● **Task directions**: Look through the listing below for the line with "نظّم قسم علم" and the line with "Double take. Sporting". Copy both, along with every line between them, exactly and with no pictures.

Given entries: Begin

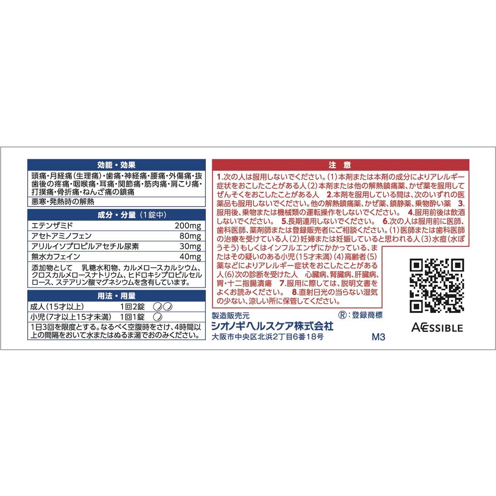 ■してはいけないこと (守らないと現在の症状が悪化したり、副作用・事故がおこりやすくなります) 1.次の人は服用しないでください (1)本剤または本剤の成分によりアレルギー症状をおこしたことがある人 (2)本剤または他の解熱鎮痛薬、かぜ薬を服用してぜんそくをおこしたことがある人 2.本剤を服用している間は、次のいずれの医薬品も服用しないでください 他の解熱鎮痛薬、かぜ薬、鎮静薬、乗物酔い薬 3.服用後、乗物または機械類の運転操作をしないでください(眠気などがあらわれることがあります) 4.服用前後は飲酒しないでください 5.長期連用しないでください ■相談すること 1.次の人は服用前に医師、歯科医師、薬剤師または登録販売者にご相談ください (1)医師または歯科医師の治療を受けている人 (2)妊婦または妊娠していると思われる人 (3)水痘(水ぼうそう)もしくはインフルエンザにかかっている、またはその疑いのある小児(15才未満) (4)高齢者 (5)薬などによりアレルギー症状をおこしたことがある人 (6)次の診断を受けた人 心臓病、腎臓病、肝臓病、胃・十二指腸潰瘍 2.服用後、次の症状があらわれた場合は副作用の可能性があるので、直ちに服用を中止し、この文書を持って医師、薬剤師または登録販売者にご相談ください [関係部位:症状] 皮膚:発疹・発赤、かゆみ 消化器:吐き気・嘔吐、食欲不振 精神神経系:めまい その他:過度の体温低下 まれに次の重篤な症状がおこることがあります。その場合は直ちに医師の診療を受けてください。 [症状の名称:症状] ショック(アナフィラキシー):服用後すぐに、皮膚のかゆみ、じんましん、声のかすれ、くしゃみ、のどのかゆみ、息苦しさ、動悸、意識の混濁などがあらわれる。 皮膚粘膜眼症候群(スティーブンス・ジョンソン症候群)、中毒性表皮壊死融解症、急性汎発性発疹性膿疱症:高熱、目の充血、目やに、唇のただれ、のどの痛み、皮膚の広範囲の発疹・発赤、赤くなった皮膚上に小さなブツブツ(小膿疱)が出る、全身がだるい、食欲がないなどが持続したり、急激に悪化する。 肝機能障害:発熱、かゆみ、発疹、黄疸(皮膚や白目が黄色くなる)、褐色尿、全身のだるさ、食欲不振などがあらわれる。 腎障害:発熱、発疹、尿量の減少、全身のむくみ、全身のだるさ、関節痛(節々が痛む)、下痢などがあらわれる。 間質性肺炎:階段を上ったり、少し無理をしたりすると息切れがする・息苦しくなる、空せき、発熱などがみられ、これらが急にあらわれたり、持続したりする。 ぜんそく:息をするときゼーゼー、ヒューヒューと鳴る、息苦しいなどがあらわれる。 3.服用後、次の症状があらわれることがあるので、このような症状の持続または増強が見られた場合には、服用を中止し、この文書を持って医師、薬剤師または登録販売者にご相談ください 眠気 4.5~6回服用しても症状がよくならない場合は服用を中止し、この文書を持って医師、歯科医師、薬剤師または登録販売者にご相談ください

Given entries: End
Given entries: Begin

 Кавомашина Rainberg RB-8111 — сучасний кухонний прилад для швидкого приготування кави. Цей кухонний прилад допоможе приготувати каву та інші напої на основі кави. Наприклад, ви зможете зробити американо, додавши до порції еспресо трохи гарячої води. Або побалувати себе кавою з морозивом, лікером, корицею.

Given entries: End
Given entries: Begin

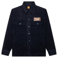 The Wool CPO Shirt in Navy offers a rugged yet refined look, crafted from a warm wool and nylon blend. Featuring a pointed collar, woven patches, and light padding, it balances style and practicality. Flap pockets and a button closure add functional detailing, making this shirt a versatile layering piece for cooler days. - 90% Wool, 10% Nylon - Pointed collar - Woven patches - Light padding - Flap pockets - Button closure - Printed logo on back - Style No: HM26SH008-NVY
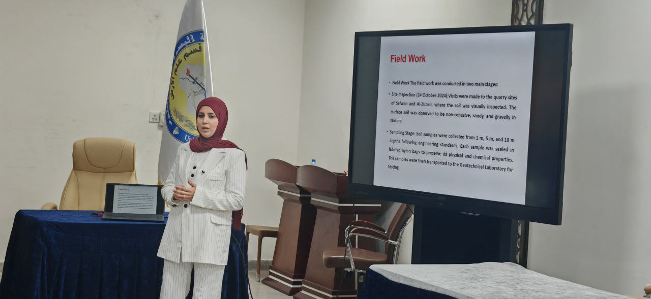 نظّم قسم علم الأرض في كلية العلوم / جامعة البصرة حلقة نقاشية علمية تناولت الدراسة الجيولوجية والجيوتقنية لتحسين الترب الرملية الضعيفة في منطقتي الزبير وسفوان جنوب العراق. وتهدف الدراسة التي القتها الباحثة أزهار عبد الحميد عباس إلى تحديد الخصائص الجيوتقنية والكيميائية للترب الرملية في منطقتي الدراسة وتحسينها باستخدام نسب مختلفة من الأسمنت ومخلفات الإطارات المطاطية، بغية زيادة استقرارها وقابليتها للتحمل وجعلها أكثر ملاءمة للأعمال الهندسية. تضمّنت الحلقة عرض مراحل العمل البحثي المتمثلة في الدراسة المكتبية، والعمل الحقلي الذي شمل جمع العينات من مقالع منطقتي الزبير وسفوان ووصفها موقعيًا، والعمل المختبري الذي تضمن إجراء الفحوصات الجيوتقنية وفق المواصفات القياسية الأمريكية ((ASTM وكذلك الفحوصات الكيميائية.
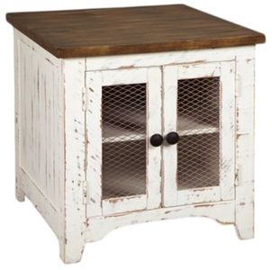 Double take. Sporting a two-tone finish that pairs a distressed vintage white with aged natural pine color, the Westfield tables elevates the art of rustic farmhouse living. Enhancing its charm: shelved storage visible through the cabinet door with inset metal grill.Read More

Given entries: End

● **Solution to the problem**:
 نظّم قسم علم الأرض في كلية العلوم / جامعة البصرة حلقة نقاشية علمية تناولت الدراسة الجيولوجية والجيوتقنية لتحسين الترب الرملية الضعيفة في منطقتي الزبير وسفوان جنوب العراق. وتهدف الدراسة التي القتها الباحثة أزهار عبد الحميد عباس إلى تحديد الخصائص الجيوتقنية والكيميائية للترب الرملية في منطقتي الدراسة وتحسينها باستخدام نسب مختلفة من الأسمنت ومخلفات الإطارات المطاطية، بغية زيادة استقرارها وقابليتها للتحمل وجعلها أكثر ملاءمة للأعمال الهندسية. تضمّنت الحلقة عرض مراحل العمل البحثي المتمثلة في الدراسة المكتبية، والعمل الحقلي الذي شمل جمع العينات من مقالع منطقتي الزبير وسفوان ووصفها موقعيًا، والعمل المختبري الذي تضمن إجراء الفحوصات الجيوتقنية وفق المواصفات القياسية الأمريكية ((ASTM وكذلك الفحوصات الكيميائية.
 Double take. Sporting a two-tone finish that pairs a distressed vintage white with aged natural pine color, the Westfield tables elevates the art of rustic farmhouse living. Enhancing its charm: shelved storage visible through the cabinet door with inset metal grill.Read More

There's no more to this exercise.